Шилин снял фуражку, швырнул наземь. Лицо у него чисто выбрито — бреется каждый день, что вызывает у Михальцевича раздражение: хочешь не хочешь, и он вынужден также ежедневно бриться. Профиль у Шилина строгий, с резко выраженными чертами, подбородок раздвоенный, с ямочкой, и торчит вперёд. Наполеоновский профиль — те же властность, жёсткость, капризность. Если б Шилин надел ещё и треуголку да ростом был поменьше — вылитый был бы император Наполеон Бонапарт.
— Злоба, ненависть нами владеют. Мораль растоптана, — продолжал Шилин. — Ну можно ли было представить лет десяток назад, что я, дворянин, офицер, стану убийцей и грабителем? Ужас!
— Мы боремся, — упрямо повторил Михальцевич. Он набрал вокруг себя сухих веточек, листьев, поджёг. Синий дымок потянулся под крону берёзы, завис в ветвях. Оторвал и кинул в костерок лоскут бересты — он скрутился, подёрнулся жирной, чёрной копотью. — Мы воюем теми же средствами, какие применила против нас эта чернь. Что они сделали с элитой русского народа, с её мозгом и сердцем? Нищими пустили по миру. Истребили. А мы что, должны были покориться? Вы стихи знаете их красного пиита: «Смиренно на Запад побрело с сумой русское столбовое дворянство». Верно, мы с сумой остались, нищими…

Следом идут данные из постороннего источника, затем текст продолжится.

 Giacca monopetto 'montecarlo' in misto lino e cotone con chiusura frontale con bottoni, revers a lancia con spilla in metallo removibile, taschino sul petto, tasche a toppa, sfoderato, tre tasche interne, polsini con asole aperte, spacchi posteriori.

— Все так, поручик, так. Наша трагедия, трагедия дворянства и всех просвещённых сословий, в том, что допустили этот кровавый хаос. Надо было предвидеть его лет за сто.
— Илларион Карпович! — воскликнул Михальцевич. — Что это вы так раскисли? Что с вами? У нас же все идёт не худо. Граница близко. Документы на руках. Наскучит или припечёт пятки — смотаемся: я — на запад, вы — в свою тмутаракань.

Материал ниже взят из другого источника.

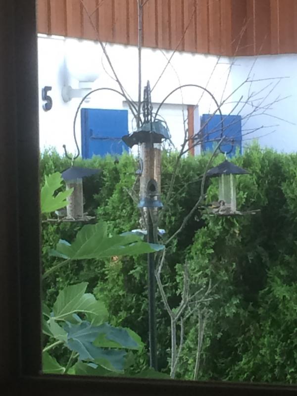 Wäre es noch denkbar, dass der Grünfink durch das Fressen , vielleicht auch Quetschen der blauen Felsenbirnenfrüchte seine Vorderfront etwas besudelt hat und sich sein Gefieder deshalb etwas verfärbt hat. Immerhin ergibt Grün + Blau beim Mischen einen rötlichen Ton, wenn ich mich richtig erinnere.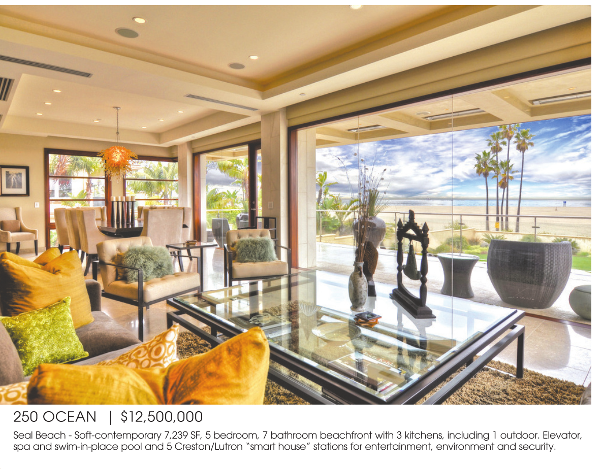 250 OCEAN | $12,500,000 Seal Beach - Soft-contemporary 7,239 SF, 5 bedroom, 7 bathroom beachfront with 3 kitchens, including 1 outdoor. Elevator, spa and swim-in-place pool and 5 Creston/Lutron “smart house” stations for entertainment, environment and security.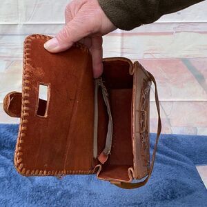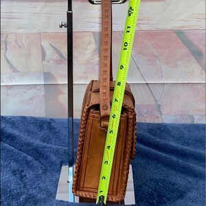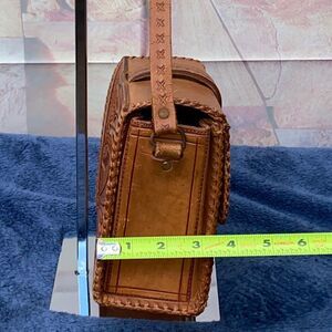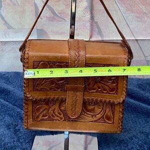Very nice in good condition used hand-tooled leather box shoulder purse

— В тмутаракань на вечное прозябание и жизнь под страхом. О боже мой, сколько же нас уже погибло. Безымянных и забытых своим же народом. И сколько ещё погибнет…
— Илларион Карпович! — взмолился Михальцевич. — Хватит душу травить. Давайте лучше что-нибудь весёлое вспомним. — Он так же, как и Шилин, хватил фуражкой о землю, натужно улыбнулся, показав зубы с двумя золотыми коронками, уставился выпуклыми своими глазами на Шилина. — Припомнился мне случай. Просто анекдот, нарочно не придумаешь. Служил в штабе округа полковник с презабавной фамилией — Босой. Однажды прибыл он в наш полк и со станции позвонил в часть, чтоб за ним приехали. Солдат-телефонист доложил мне — дежурному: «На вокзале полковник босой сидит, просил забрать его оттуда». Я взял несколько пар сапог, еду на вокзал. Ходим, спрашиваем, где тут разутый офицер сидит… Каково? — И Михальцевич захохотал, приглашая посмеяться и Шилина.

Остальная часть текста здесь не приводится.